Now, in a computer a bit can just be a bit of data, like zero or one, but a bit can also be an instruction. So, zero could mean, you know, “do this”, and one can mean “do that”. Like, to get away from marriage metaphors that are making me uncomfortable, to get away from metaphors about marriage, let’s go to mathematics. So, zero could tell the computer to add 2+2. And one could be the instruction to the computer that says “add 3+1”. In a classical computer a bit can either be zero – add 2+2 – or one – add 3+1. But in a quantum computer, because a quantum bit can be zero and one simultaneously, then if you take such a quantum bit and give it as an instruction to a quantum computer, the quantum computer will add “2+2” and add “3+1” at the same time – in some funny quantum sense. So these two different computations occurring at the same time are like two different voice parts in a chorus or two different violin parts played simultaneously in a symphony.

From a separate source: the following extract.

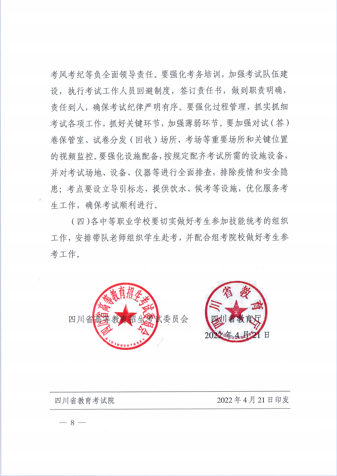 关于做好我省2022年普通高校对口招生职业技能统考工作的通知

And the essence of the quantum computation comes from the interference between these different parts, just as for us if we hear two sounds played at the same time, it has a sound that comes not from just one sound on its own or the other sound on its own, but from the interference of the two sounds together. Now, this may sound kind of strange and esoteric, and indeed, when you build quantum computers, you are building computers with components on the level of individual atoms, they are very-very tiny computers. You want to keep track of them, ‘cause if you lose them, like you’re never going to find them again. We can ask what we can do with this or why should try to do this when we have perfectly good classical computers.
Well, the idea of quantum computation, of storing bits on individual atoms, was proposed in the early 1980-s by Paul Benioff at Argonne National Laboratories, we should find them in Caltech, and David Deutsch at Oxford, in England. Quantum computers weren’t built, the first prototype ones weren’t built until the early 1990-s when I proposed how you could build a simple quantum computer, and indeed, Dave Wineland, the Nobel laureate in physics, received his Nobel Prize in part for building some of the first simple quantum computers. In 1994, however, a real impetus came for building quantum computers when Peter Shor, then at AT&T and now at MIT, showed that if you could build a quantum computer, even a small one, with a few tens of thousands of quantum bits, it’d be able to perform a million operations, which is nothing for a classical computer.

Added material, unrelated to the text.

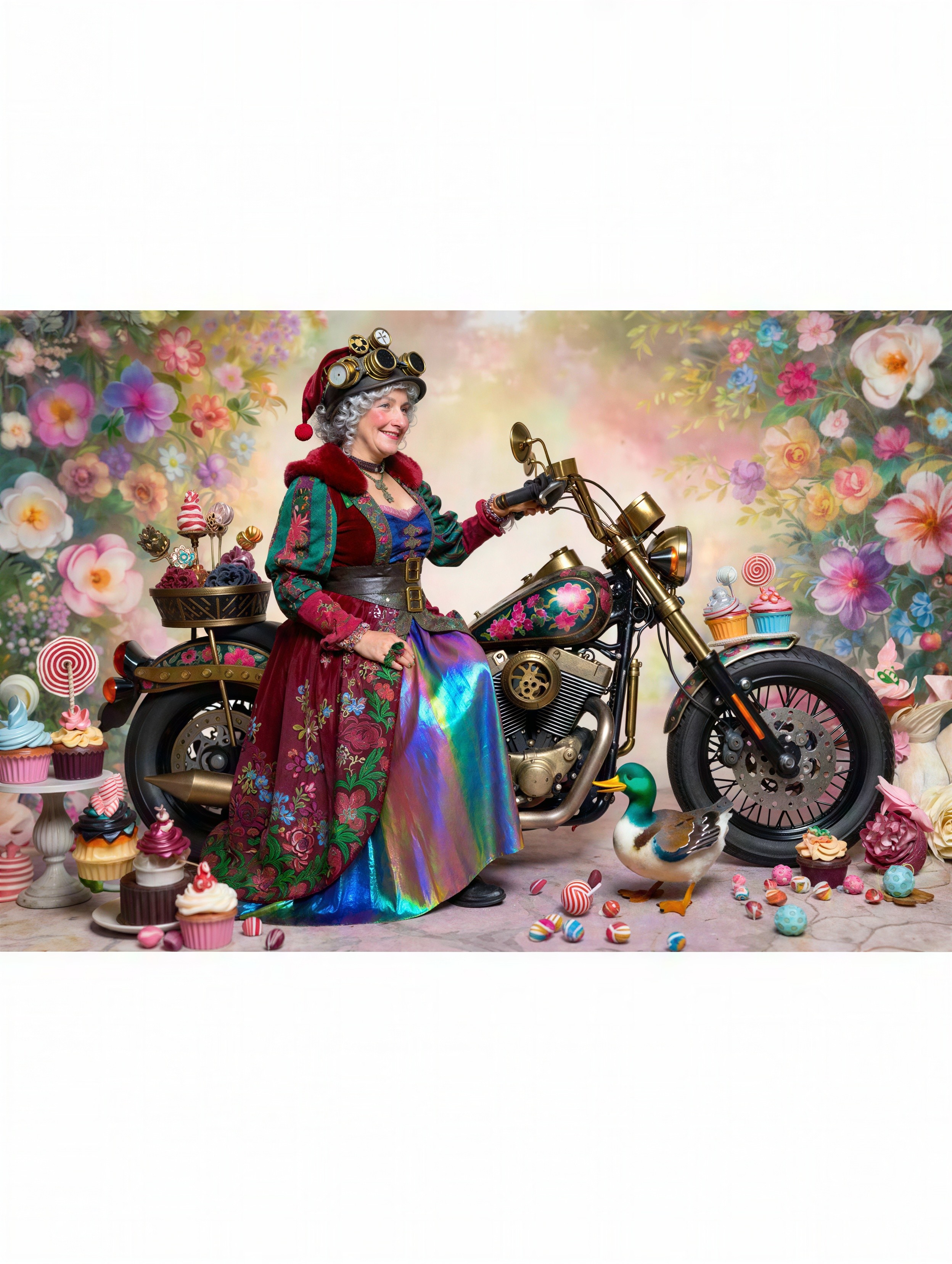 Prompt: Steampunk Mrs Santa Claus Biker in a colorful and ornate dress with floral patterns, on a soft and floral background. Decor Candy and cup cake. 3D. iridescent, Warm and comfortable lighting highlights the details, creating a magical and welcoming atmosphere. fantasy, bright, colorful, acrylic art, sharp focus. A little playful duck plays next to him.

If you get this quantum computer doing this symphonic kind of computation, then it would be able to break all the codes that we use to transmit information secretly over the Internet.
And as you could imagine, at that point a bunch of people’s ears perked up, not just individuals, but agencies who’d like to keep secrets and who would like to find out other people’s secrets, of course. So these agencies and lots of people said “Oh, wow, it would be great if we could build a quantum computer”.
And so, in the early mid 1990-s this entire field of quantum computation took off, I and my colleagues started building quantum computers, everybody around the world, well, not everybody, but hundreds of people around the world started building quantum computers. Now we have quantum computers which, even if they can’t factor large numbers and break codes, all ashore, they can still do all kinds of interesting things. We’re using quantum computers here at MIT to investigate fundamental physical properties of matter, to even program a quantum computer to see what was happening in the Universe at the very first instant of a second. You can use quantum computers to investigate weird and funky effects that go under names like ‘entanglement’, where particles of light know much more about each other than they have any right, classically, to do so. You can use quantum computation and quantum communication to transmit information in a provably secure fashion, where the security is guaranteed by the laws of nature. And even if these are not the good enough reasons for doing quantum computation, there’s another good reason which is – it’s a tremendous fun. I’ve been myself working on these quantum computers over the last 15 or 20 years, have had a fantastic time exploring how nature works at its smallest and most fundamental scales.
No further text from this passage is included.